Check out our interview with Professor’s Kim & Chi below:

Can you briefly summarise your paper?

This paper describes rationally designed click-crosslinked 6FDA-DAM:DABA membranes using a thiol-ene cross-linking method for tunable molecular separation performance. The systematically controlled thiol cross-linkers were introduced to engineer the d-spacing and fractional free volume of click-crosslinked polymer membranes. As a result, the gas transport properties of the modular engineered click-crosslinked membranes were finely controlled depending on the thiol cross-linker. Moreover, the click-crosslinked membranes showed enhanced plasticization resistance depending on the crosslinker chain length or cross-linkable site numbers.

What aspect of your work are you most excited about at the moment?
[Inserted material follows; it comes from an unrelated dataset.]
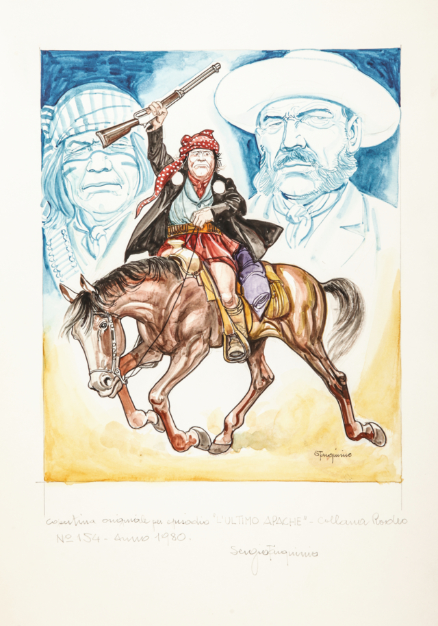 Sergio Tarquinio "Storia del West - L'ultimo apache", 1980 matita e acquerello su cartoncino, 35 x 50 cm Originale di copertina non utilizzato per la storia "L'ultimo apache" edita nella collana Storia del West n.154 dalla Cepim nel 1980. Firmata e titolata.

Chi – My work focuses on functional polymer membranes and metal-organic framework (MOF) mixed-matrix membranes (MMMs) for gas separation. In particular, the rational design of the functional polymer membranes and the engineered MOF-polymer interface of the MMM can achieve significantly enhanced gas transport properties. In addition, the increased polymer chain rigidity of the polymer-based membranes can suppress the plasticization phenomenon, which is a critical issue of membrane-based separation in the industrial field.

Kim – I am conducting research on designing functional polymer materials in the field of polymer synthesis. It is very rewarding to see polymers specifically designed at the molecular level functioning as a useful material.

Where do you see the field of cross-linked membranes in five years’ time?

The cross-linking approach for polymer membranes can engineer the d-spacing of polymer membranes and reduce the polymer chain mobility. The fine-tuning of the fractional free volume of polymer membranes can be achieved showing their tunable gas transport properties. In addition, the cross-linked polymer membranes can suppress the plasticization behavior, which results in the polymer chain relaxation at highly soluble gas feed pressure, by forming a rigid polymer network from the cross-linking.

How do you feel about Molecular Systems Design & Engineering as a place to publish research on this topic?

MSDE focuses on the research work on the molecular engineering of the chemical structure of polymer materials and their corresponding transport properties. This work provides a deep understanding of the principle structure-to-transport relationship, thereby achieving a highly efficient and stable gas separation performance for industrial applications.

How do you like to spend your time when not doing research?

Chi – I enjoy taking a walk and watching a movie. Sometimes, I also enjoy traveling to rural places and abroad and hiking national parks.

Kim – I love spending time with my family. We like cooking and traveling together. Also, I like listening to all kinds of music and visiting art museums

Can you share one piece of career-related advice for those beginning their research career?

Chi – Provide abundant assistance and support for collaborators, and then it will fulfill your research as well. This work was also performed by the collaboration.

Kim – I agree to the Chi’s comment. Sometimes research can be tedious but together you can go further. 

Read the paper for FREE until 29th Arpil 2024!

Tailoring 6FDA-based click cross-linked membranes: modular synthesis and tunable gas separation

Jieun Park, Chang Oh Lee, Ki Jung Kim, Won Seok Chi* & Hyungwoo Kim*

Mol. Syst. Des. Eng., 2023, 8, 32-38, DOI: 10.1039/D2ME00215A

About the award

The aim of the Molecular Systems Design & Engineering Outstanding Early-Career Paper Award is to recognise a researcher in the earlier stages of their research career for their leadership in reporting original research published in the journal.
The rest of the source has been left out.